In the developed regions of Europe and North America, the main drivers are ageing power capacities that need replacing and, linked to this, the growing adoption of gas-fired generation.
Key drivers in emerging markets are rapid electricity demand growth, and industry privatisation and liberalisation which, in turn, push outsourcing of services. In the developed world, meanwhile, utilities struggling with skills shortages are also increasingly relying on outsourced services.
New analysis from Frost & Sullivan, World Power Plant Services Markets, finds that the markets earned revenue of $27.40 billion in 2011 and estimates this to reach $35.41 billion in 2017.
“Global growth in electricity demand is a key driver behind the growth of the power plant services market,” notes Frost & Sullivan Industry Director Harald Thaler. “As electricity demand rises, new generating capacities are added to the system, which in turn, require servicing.”
The services market is, however, forecast to grow somewhat more rapidly than electricity demand. The global correlation, comparing forecast growth for both indicators, is 1.55.

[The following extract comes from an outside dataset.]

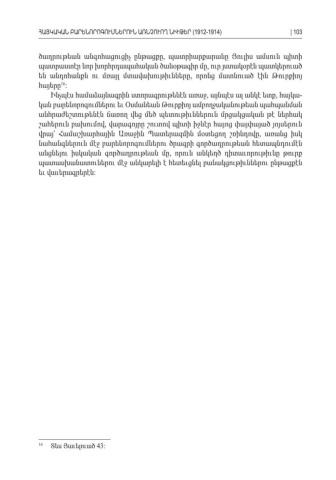 ծադրութեան անգոհացուցիչ ընթացքը պատրիարքարանը Յուլիս ամսուն պիտի , պատրաստէր նոր խորհրդապահական ծանօթագիր մը ուր յստակօրէն պատկերուած , են անդոհանքն ու մռայլ մտավախութիւնները որոնց մատնուած էին Թուրքիոյ , հայերը16: Ինչպէս համաձայնագրին ստորագրութենէն առաջ այնպէս ալ անկէ ետք հայկա , , -կան բարենորոգումներու եւ Օսմանեան Թուրքիոյ ամբողջականութեան պահպանման անհրաժեշտութենէն ճառող վեց մեծ պետութիւններուն մրցակցական թէ ներհակ շահերուն բախումով վարագոյրը շուտով պիտի իջնէր հայոց փայփայած յոյսերուն , վրայ՝ Համաշխարհային Առաջին Պատերազմին մօտեցող շռինդովը առանց իսկ , նահանգներուն մէջ բարենորոգումներու ծրագրի գործադրութեան հետապնդումէն անցնելու իսկական գործադրութեան մը որուն անկեղծ դիտաւորութիւնը թուրք , պատասխանատուներու մէջ անկարելի է հետեւցնել բանակցութիւններու ընթացքէն եւ վաւերագրերէն : 16 Տես Յաւելուած 43:ՀԱՅԿԱԿԱՆ ԲԱՐԵՆՈՐՈԳՈՒՄՆԵՐՈՒՆ ԱՌՆՉՈՒՈՂ ՆԻՒԹԵՐ (1912-1914)| 103

Whilst the services market is forecast to grow by 4.2 per cent between 2010 and 2017, world electricity demand growth will be 2.7 per cent over that same period. Greater outsourcing and the increasing proliferation of gas-fired technology, where reliance on the equipment providers for servicing is high, are major contributory factors.
“Geographically, the balance of power in the power plant services market will gradually shift towards the emerging economies, as they progressively liberalise not only their power but also their gas markets,” remarks Thaler. “Such trends will allow for a much greater penetration of modern gas-fired plants which attract higher outsourced maintenance spend.”
The fastest-growing regions will be the emerging Asian giants of China, India and the Association of Southeast Asian Nations (ASEAN). Their combined share will rise from 18.1 per cent in 2010 to 23.4 per cent in 2017.
Gas turbines account for the largest share of the services market, globally. Their share will expand, albeit slowly, as ongoing coal-fired investments based on increasingly sophisticated supercritical technology fuel growth in emerging economies. This will partly offset the strong growth in gas-fired generation in some other parts of the world.
“Unlike in the market for new-build power plants, where China has been the leading world market for some time, the country’s position in the power plant services market is much more modest,” concludes Thaler. “Frost & Sullivan forecasts that in the lucrative services market, China will not overtake the USA before 2025.”